MacVector, Universal Type Identifiers and File Extensions

One feature that Macintosh applications have typically provided since the very beginning has been the ability to associate a document with an application such that opening the document (double clicking) would launch the appropriate application. Historically, on the Mac OS, this has been accomplished by including two additional pieces of information stored in the directory entry for the document: type and creator.  The document type is a 4 character identifier such as ‘TEXT’ or ‘NUCL’ which identifies the format of the document. The document creator is another 4 character identifier that is unique to an application – for example, MacVector uses the identifier ‘MVTR’. Although for the most part this has worked well as a Macintosh specific solution, there are a number of issues that have arisen, such as what should happen when a document was on one floppy disk and the application was on another.
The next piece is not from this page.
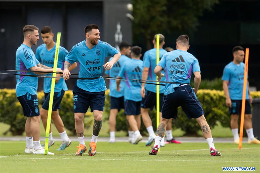 El jugador de la selección argentina de fútbol, Lionel Messi (c), participa en una sesión de entrenamiento en el predio de la Asociación Argentina de Fútbol, en la ciudad de Ezeiza, Argentina, el 21 de marzo de 2023. (Xinhua/Martín Zabala)

A greater problem has arisen with the increase in computer networking and the integration of Macintosh computers into mixed computing environments. These days, files often come from many different computers using differing protocols to move the data between machines.  To solve this problem, Apple Computer developed a new technology known as Uniform Type Identifiers, or UTIs for short, that help software developers associate documents with their application even in a multi-platofrm environment. UTIs allow documents created on a Macintosh that might use the old type and creator, files created on a PC that might use file extensions or even files on served up by a web server using Multipurpose Internet Mail Extensions (MIME type) to all be associated with a specific application.
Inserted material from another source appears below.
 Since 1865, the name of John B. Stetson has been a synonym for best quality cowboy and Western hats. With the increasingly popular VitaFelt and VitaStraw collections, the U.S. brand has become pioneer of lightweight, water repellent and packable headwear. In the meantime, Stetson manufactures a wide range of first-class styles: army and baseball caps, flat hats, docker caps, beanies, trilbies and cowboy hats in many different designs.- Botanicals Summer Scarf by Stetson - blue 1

MacVector 10.5 uses UTIs and adds the common extensions and MIME types used by bioinformaticians to simplify the handling of sequence files obtained from different sources. So, for example, a UTI called “public.text” can have a type of ‘TEXT’, an extension of .txt or .text and a MIME type of “text/plain”. While there are no official assignments for sequence files, there are a number of common conventions. Again, for an example, a UTI “biosequence.genbank” might have a type ‘NUCL’, extensions .gb, .gen or .gbk, and a MIME type of “chemical/seq-na-genbank” or “chemical/x-genbank”. The system is still not perfect – for example, many sequence formats are represented as simple text files with a .txt extension, so MacVector will typically not be the default application to open such files. In these cases, you need to launch MacVector and open the file directly from the File menu. MacVector will then directly examine the contents of the file to determine the “real” type of the file.
If you are using MacVector on a Macintosh in an environment where many of your colleagues are using PCs, Unix machines or downloading sequence data from the Internet, the support for UTIs in MacVector 10.5 should make it so much easier to share data with your collaborators. You can find the list of UTIs used by MacVector in the knowledge base section of our web site.